This in principle allows one to read anything that uproot/awkward can read and represent (as long as to_arrow
worked):
We use the following packages to demonstrate our round trip
julia> using PythonCall
julia> const ak = pyimport("awkward")
julia> ak.__version__
Python str: '1.9.0rc10'
julia> const pa = pyimport("pyarrow");
First, let's make some non-trivial data to represent:
julia> arr = ak._v2.from_iter([pydict(("one"=>1, "two"=>[2.0])), pydict(("one"=>2, "two"=>[1.0, 2.0]))])

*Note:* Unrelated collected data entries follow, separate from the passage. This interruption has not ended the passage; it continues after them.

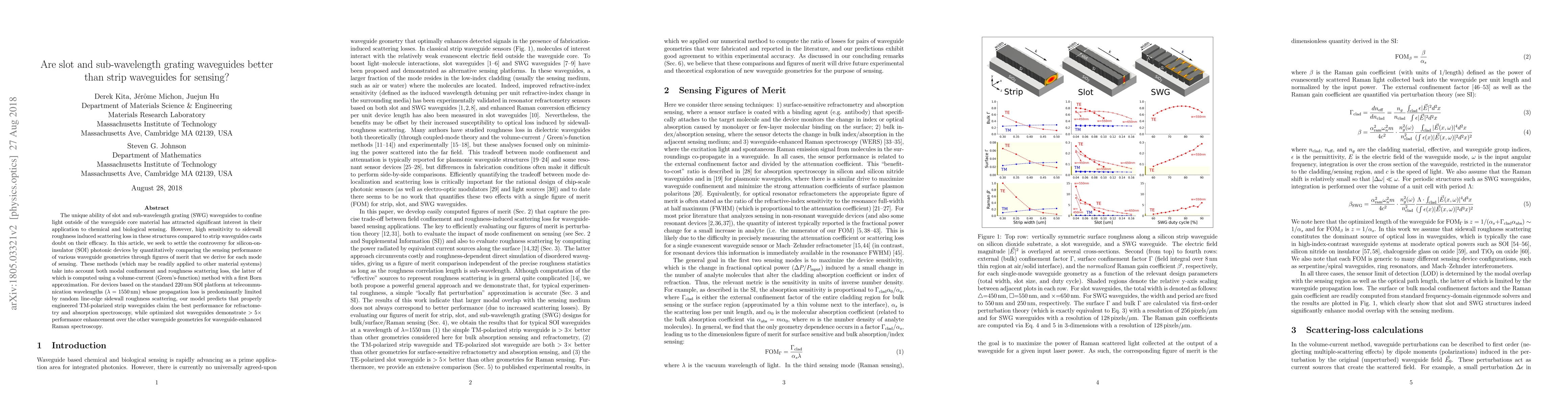 This paper compares the sensing performance of slot and sub-wavelength grating waveguides to strip waveguides, finding that while optimized slot waveguides show significant improvement for Raman spectroscopy, properly engineered strip waveguides outperform for refractometry and absorption spectroscopy due to lower scattering losses.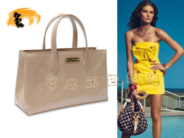 - M91642 1:1品質 LV手提包 LV最新款時尚壓花女包 OL職業 LV漆皮包 杏色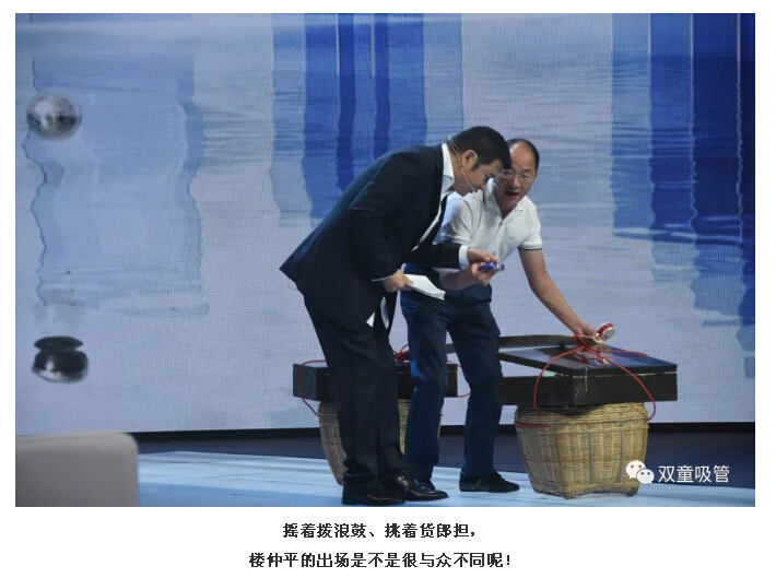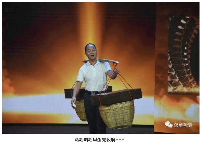 相比于其他兩位嘉賓,“雙童”樓仲平的出場(chǎng)方式可算是最“與眾不同”啦!看,當(dāng)主持人“鷗哥”邀請(qǐng)樓仲平出場(chǎng)時(shí),他竟然搖著撥浪鼓、挑著貨郎擔(dān),口里還喊著“雞毛鴨毛甲魚殼收啊……”就上場(chǎng)了!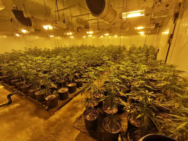 Иззети са 450 саксии с растения от рода на конопа. Във фризер са намерени 10 плика с около 9 килограма марихуана. Открити са още препарати и торове за отглеждането на растенията.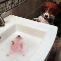 Quand une chienne tient la serviette d'un hérisson pour qu'il prenne un bain. Trop cute !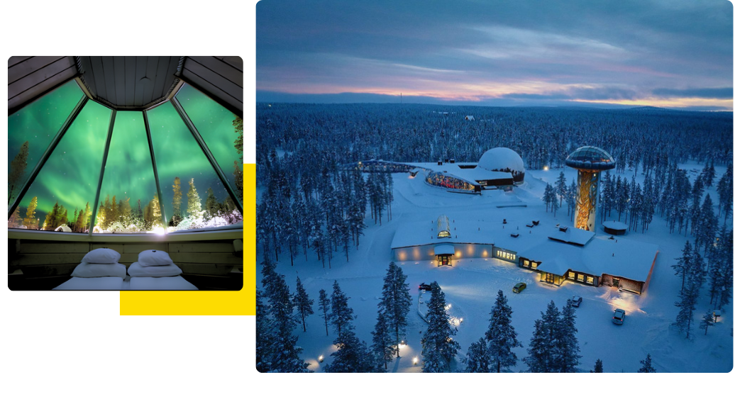 坐落於芬蘭拉普蘭靜謐雪林間,Kakslauttanen Arctic Resort 以標誌性的玻璃圓頂屋與冰屋聞名於世。當夜幕低垂,旅人可在溫暖的玻璃屋中仰望極光與繁星,彷彿置身一場北國夢境。度假村同時提供原木小屋、冰屋等多元住宿體驗,結合北極風情與現代舒適。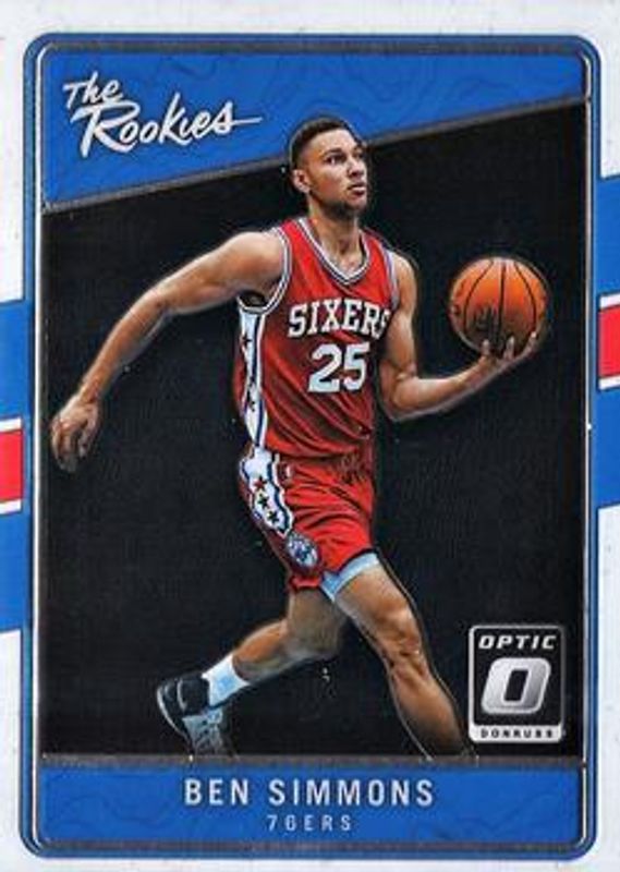 The Ben Simmons 2016 Optic #2 The Rookies card is 1 of 32 Ben Simmons' card variations in the 2016 Optic set being tracked by Sports Card Investor, including Base, Checkerboard, Holo, Purple, and Rookie Kings.

Python Array: <Array [{one: 1, two: [2]}, {...}] type='2 * {one: int64, two: var * float64}'>
julia> arr.one
Python Array: <Array [1, 2] type='2 * int64'>
One can almost always get a pyarrow
table out of awkward array:
julia> pa_table = ak._v2.to_arrow_table(arr)
Python Table:
pyarrow.Table
one: extension<awkward<AwkwardArrowType>> not null
two: extension<awkward<AwkwardArrowType>> not null
----
one: [[1,2]]
two: [[[2],[1,2]]]
julia> pa_batches = pa_table.to_batches()
Python list:
[pyarrow.RecordBatch
one: extension<awkward<AwkwardArrowType>> not null
two: extension<awkward<AwkwardArrowType>> not null]
There's always only one batch due to how awkward
does this thing:
https://github.com/scikit-hep/awkward/blob/dd2a3f400e29fc9ea908fc7d8267f592091457bb/src/awkward/operations/convert.py#L2590
julia> batch = only(pa_batches)
Python RecordBatch:
pyarrow.RecordBatch
one: extension<awkward<AwkwardArrowType>> not null
two: extension<awkward<AwkwardArrowType>> not null
julia> batch.num_rows
Python int: 2
julia> batch.num_columns
Python int: 2
Here's the important bit
We can write whole block of IPC stream bytes into a Julia buffer, and Arrow.jl
can re-use that memory blob and turn it into a table:
julia> jl_sink = IOBuffer()
julia> pywith(pa.ipc.new_stream(jl_sink, batch.schema)) do writer
writer.write_batch(batch)
end;
julia> DataFrame(Arrow.Table(take!(jl_sink)))
2×2 DataFrame
Row │ one two
│ Int64 Array…
─────┼───────────────────
1 │ 1 [2.0]
2 │ 2 [1.0, 2.0]